Она выходит на улицу, машет такси и тогда вспоминает, что она оставила где-то здесь свой автомобиль. Она стоит на тротуаре, стараясь собраться с мыслями. Прохожие толкают ее. Какие грубые. Толкают вместо того, чтобы пожалеть. Где автомобиль? Надо отыскать его, не сесть по ошибке в чужой. Но он находится быстро, он белый, спутать нельзя, и номер тот же. Это ее автомобиль.
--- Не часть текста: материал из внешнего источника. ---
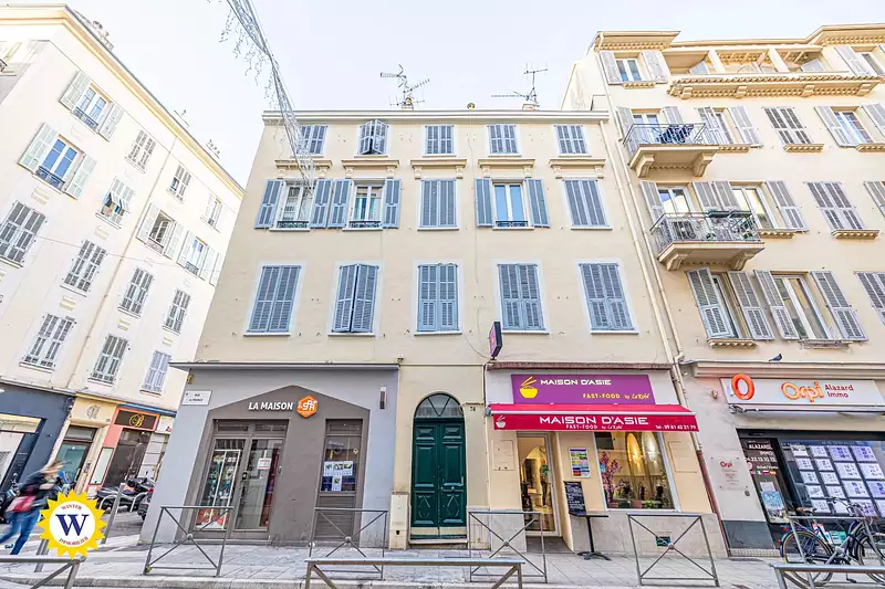 Situé au deuxième étage d’un immeuble niçois bien entretenu, sans ascenseur et sans ravalement à prévoir, l’appartement bénéficie d’une exposition plein sud.

И она снова едет.

Мысли ломаются, куски их отскакивают друг от друга, их нельзя сложить, склеить в слитное, логичное целое. Только куски, только обрывки. И время тоже ломается. Оно распадается на осколки, как разбитое зеркало. В разбросанных осколках отражаются глаза Тьери, его электрическая улыбка, тут его голос, а там его рука, держащая папиросу. Но как из всех этих осколков составить его живое лицо, живое воспоминание о нем? Это вчера или только что она купила перчатки «как жаба»? Нет, Тьери сказал «коричневые». Нет, не «коричневые», а «жаба». Это жаба коричневая. Люка все путает. Жаба не имеет никакого отношения к перчаткам. Но все-таки их лучше снять и выбросить в окно. Вот так, на тротуар. Кто-нибудь найдет и обрадуется: совсем новые, дорогие. Но маленькие — пять три четверти — редко кому впору. Ах, это уже касается не ее, а той, которая найдет перчатки. И не все ли равно, когда Люка купила их? Вспомнить так трудно. Да, так трудно вспомнить, разобраться, понять что-нибудь в обрывках и лохмотьях тоски, боли, оскорбления и одиночества, без всякой последовательности, как попало нанизанных на отчаяние как на стальной стержень. На отчаяние, не дающее всем этим словам, часам и слезам разлететься по ветру, рассыпаться пылью, а крепко связывающее их в единое, неделимое, непобедимое горе.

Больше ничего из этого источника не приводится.